# Can ejuice expire



## PeterHarris (3/11/15)

so i have some PG and VG and then some 36 PG and 36 VG.

i was mixing it down to 6mg.

10ml 36 PG
15ml PG
35ml VG

i mixed/shaked it all together in a plastic bottle.

so this morning i noticed a ring in the bottle where the liquid sits and alos on this ring, dents in the plastic, almost like the bottle was pinched or the plastic was pulled together at those spots.

no take note that there is no flavor in this mix, this is just pure PG and VG.

i did mix it in a bottle that had Amazon in it from vape cartel, but i dont think its that.

any ideas.


----------



## PeterHarris (3/11/15)

Sent from my D6603 using Tapatalk


----------



## Puff Daddy (3/11/15)

You know your e-juice has expired when its a very dark colour and does not smell like anything, nor taste like anything when you vape it. This mostly happens when e-juice sits in the sun for too long


----------



## capetocuba (3/11/15)

Dunno what happened there.

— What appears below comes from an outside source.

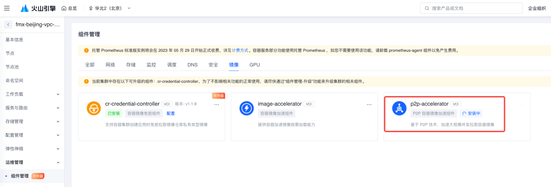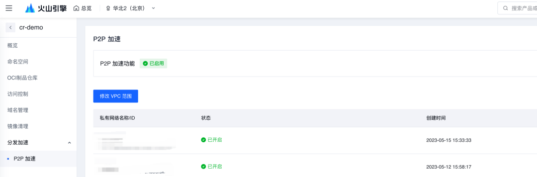 首先我们需要有一个镜像仓库 CR 的标准版,然后开启 P2P 加速,设置 P2P 加速范围的 VPC,该能力会和 VKE 一起使用。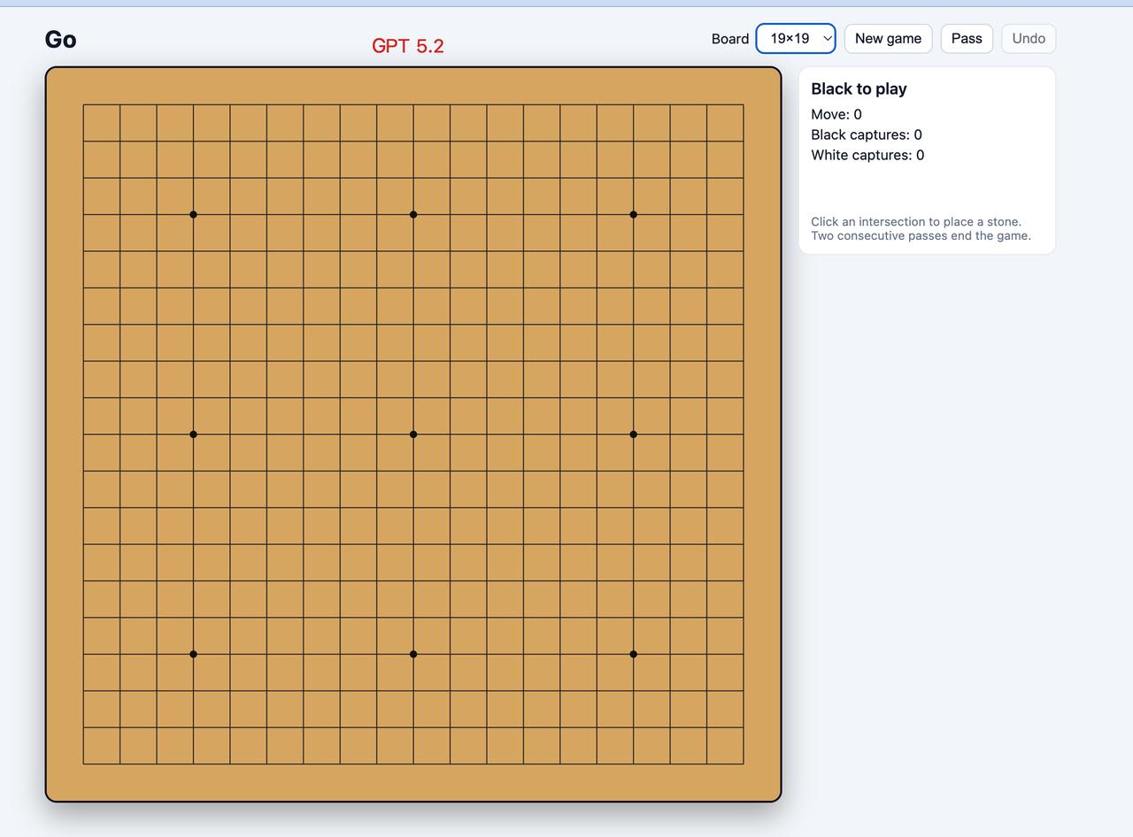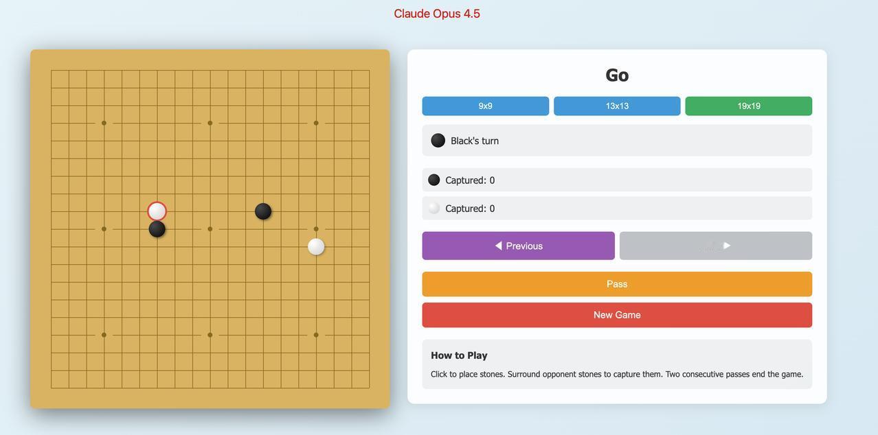 让三家目前地表最强的AI(Claude Opus 4.5, GPT 5.2, Gemini 3 Pro)给我生成的围棋游戏,都是用HTML写的。 第一个是我觉得页面最好看的是 Claude Opus 4.5 生成的,当然,一开始背景是黑色的,我让他调亮点,整体效果不错。Claude Code 中生成的。 第二个是昨天刚出的 GPT 5.2 生成的,背景一开始也是黑色的,总体来说页面有点简单。Codex 生成的。 第三个则是Gemini 3 Pro生成的,这个生成的感觉还不如GPT 5.2的效果,棋盘默认是19x19,没有 9x9和13x13可选。网页版Gemini生成。 我觉得Claude Opus 4.5写代码还是很牛的。

I've vaped juice that's 2 years old.


----------



## JW Flynn (3/11/15)

in my experience it's bubbles.....

I use a small food processor like device to mix my ejuice and this creates a whole bunch of small babbles, like a very smooth foam to it, this slowly goes away as the juice sits (or if you put it in a ultrasonic, that get's rid of the bubbles even faster) but some times it leaves a ridge where the last bit of bubble remains, this degassing the mix can sometimes take a while. but in any-case, that is what it looks like on mine, and usually after a bit of stirring the ridge goes away. in my experience nothing to worry about.

Reactions: Agree 1 | Thanks 1


----------